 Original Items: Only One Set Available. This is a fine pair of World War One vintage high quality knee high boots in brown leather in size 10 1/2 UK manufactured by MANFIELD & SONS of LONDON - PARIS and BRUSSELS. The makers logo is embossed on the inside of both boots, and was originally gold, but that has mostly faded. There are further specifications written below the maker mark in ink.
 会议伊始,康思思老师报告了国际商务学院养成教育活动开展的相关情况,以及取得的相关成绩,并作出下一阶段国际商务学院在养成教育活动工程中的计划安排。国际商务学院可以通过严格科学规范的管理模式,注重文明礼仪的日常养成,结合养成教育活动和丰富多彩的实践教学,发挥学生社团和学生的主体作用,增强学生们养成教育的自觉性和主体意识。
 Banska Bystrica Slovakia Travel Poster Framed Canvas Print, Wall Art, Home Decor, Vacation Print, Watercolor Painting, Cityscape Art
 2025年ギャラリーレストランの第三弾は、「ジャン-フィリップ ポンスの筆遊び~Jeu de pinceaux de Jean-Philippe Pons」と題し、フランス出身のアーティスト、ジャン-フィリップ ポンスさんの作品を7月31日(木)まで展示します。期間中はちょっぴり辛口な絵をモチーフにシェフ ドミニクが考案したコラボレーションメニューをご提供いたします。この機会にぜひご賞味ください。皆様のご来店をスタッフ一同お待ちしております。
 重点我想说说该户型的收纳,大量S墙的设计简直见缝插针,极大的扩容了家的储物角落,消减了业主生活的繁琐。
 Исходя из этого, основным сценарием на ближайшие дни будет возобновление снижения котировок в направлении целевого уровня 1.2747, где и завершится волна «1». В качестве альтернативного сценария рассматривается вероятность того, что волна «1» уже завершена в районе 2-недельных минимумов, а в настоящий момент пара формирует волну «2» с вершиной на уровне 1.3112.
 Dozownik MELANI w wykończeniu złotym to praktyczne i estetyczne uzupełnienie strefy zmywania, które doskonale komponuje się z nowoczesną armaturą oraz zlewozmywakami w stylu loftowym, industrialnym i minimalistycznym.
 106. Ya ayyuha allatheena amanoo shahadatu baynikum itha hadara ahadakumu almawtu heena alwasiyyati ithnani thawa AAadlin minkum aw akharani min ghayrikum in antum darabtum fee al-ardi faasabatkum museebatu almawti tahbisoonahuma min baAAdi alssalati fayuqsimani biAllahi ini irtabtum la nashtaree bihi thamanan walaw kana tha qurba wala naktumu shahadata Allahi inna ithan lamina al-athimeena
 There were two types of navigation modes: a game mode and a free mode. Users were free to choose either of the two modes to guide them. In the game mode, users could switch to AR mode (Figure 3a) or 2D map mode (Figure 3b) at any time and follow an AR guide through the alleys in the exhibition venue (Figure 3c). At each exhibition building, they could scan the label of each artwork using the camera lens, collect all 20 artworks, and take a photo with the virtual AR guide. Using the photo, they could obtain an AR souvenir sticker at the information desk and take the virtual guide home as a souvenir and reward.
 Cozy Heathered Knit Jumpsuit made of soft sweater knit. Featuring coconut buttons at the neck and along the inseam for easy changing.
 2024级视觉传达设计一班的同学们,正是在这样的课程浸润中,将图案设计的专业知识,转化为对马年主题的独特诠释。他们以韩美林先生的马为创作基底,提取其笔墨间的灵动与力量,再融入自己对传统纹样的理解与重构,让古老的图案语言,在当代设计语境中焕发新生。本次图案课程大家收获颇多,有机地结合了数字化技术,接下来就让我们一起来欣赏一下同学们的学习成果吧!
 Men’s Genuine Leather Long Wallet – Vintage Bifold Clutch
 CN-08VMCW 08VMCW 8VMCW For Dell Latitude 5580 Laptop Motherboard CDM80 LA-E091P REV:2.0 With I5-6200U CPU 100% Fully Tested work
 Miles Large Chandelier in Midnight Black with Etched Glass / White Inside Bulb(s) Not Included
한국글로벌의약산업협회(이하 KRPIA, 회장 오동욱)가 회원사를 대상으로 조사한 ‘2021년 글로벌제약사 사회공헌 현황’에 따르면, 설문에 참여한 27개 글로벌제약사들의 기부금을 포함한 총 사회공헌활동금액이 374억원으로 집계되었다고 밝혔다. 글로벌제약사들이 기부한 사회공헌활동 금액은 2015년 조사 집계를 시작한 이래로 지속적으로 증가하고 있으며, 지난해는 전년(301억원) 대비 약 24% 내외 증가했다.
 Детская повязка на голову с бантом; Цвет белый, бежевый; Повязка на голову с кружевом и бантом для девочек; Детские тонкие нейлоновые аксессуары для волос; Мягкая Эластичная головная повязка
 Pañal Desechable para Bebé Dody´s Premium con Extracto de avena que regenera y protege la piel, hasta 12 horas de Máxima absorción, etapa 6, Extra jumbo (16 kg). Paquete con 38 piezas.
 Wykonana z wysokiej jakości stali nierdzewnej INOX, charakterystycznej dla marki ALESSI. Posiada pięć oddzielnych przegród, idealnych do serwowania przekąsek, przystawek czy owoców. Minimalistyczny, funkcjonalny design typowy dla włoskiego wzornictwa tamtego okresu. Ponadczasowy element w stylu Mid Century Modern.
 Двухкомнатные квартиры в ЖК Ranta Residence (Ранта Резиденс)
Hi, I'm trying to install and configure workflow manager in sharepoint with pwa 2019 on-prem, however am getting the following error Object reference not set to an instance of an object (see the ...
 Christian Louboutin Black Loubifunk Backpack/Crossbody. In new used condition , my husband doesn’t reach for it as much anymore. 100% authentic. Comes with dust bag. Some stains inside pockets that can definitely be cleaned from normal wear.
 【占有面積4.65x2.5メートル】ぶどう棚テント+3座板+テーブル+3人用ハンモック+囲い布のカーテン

────

Across the entries above, find the lines with the string "that" and copy them.

▸ Solved exercise
 Original Items: Only One Set Available. This is a fine pair of World War One vintage high quality knee high boots in brown leather in size 10 1/2 UK manufactured by MANFIELD & SONS of LONDON - PARIS and BRUSSELS. The makers logo is embossed on the inside of both boots, and was originally gold, but that has mostly faded. There are further specifications written below the maker mark in ink.
 Christian Louboutin Black Loubifunk Backpack/Crossbody. In new used condition , my husband doesn’t reach for it as much anymore. 100% authentic. Comes with dust bag. Some stains inside pockets that can definitely be cleaned from normal wear.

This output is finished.